→ **Source material**:
+===+

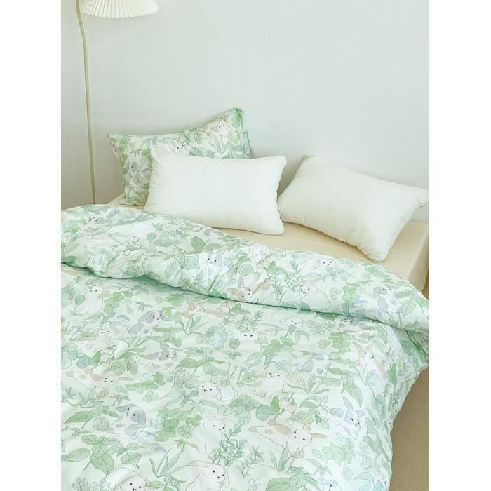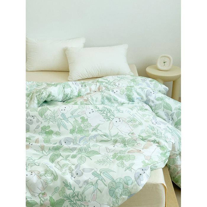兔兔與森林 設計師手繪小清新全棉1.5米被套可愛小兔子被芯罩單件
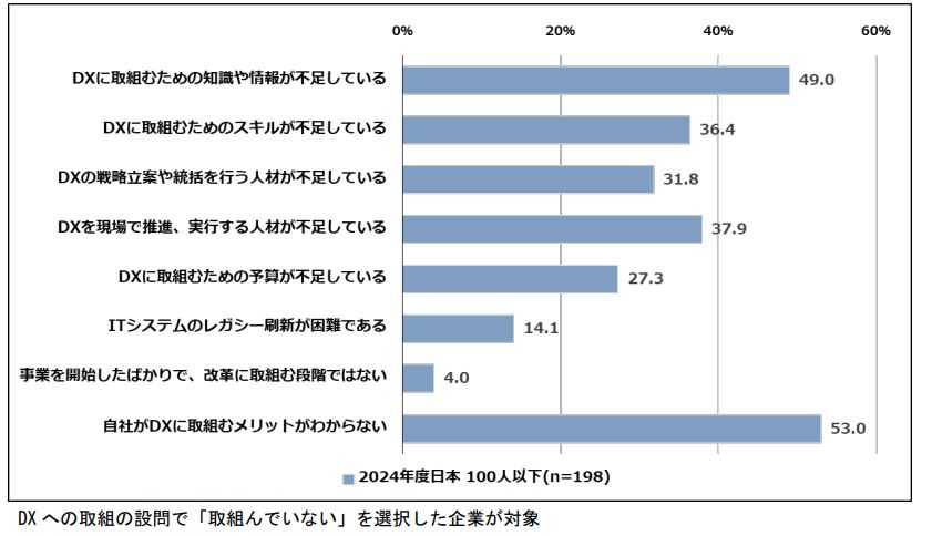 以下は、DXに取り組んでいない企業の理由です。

+===+

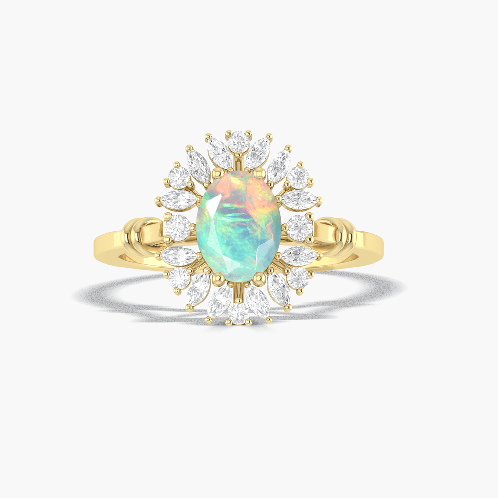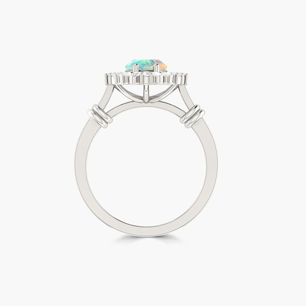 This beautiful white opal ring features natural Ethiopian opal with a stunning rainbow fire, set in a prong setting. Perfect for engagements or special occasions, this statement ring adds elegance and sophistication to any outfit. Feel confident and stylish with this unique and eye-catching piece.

+===+

Using the data above, which lines fall from the one with "兔兔與森林 設計師手繪小清新全棉1.5米被套可愛小兔子被芯罩單件" through the one with "以下は、DXに取り組んでいない企業の理由です。"? Repeat them exactly, ends included, minus any pictures.

→ **Solution for this problem**:
兔兔與森林 設計師手繪小清新全棉1.5米被套可愛小兔子被芯罩單件
 以下は、DXに取り組んでいない企業の理由です。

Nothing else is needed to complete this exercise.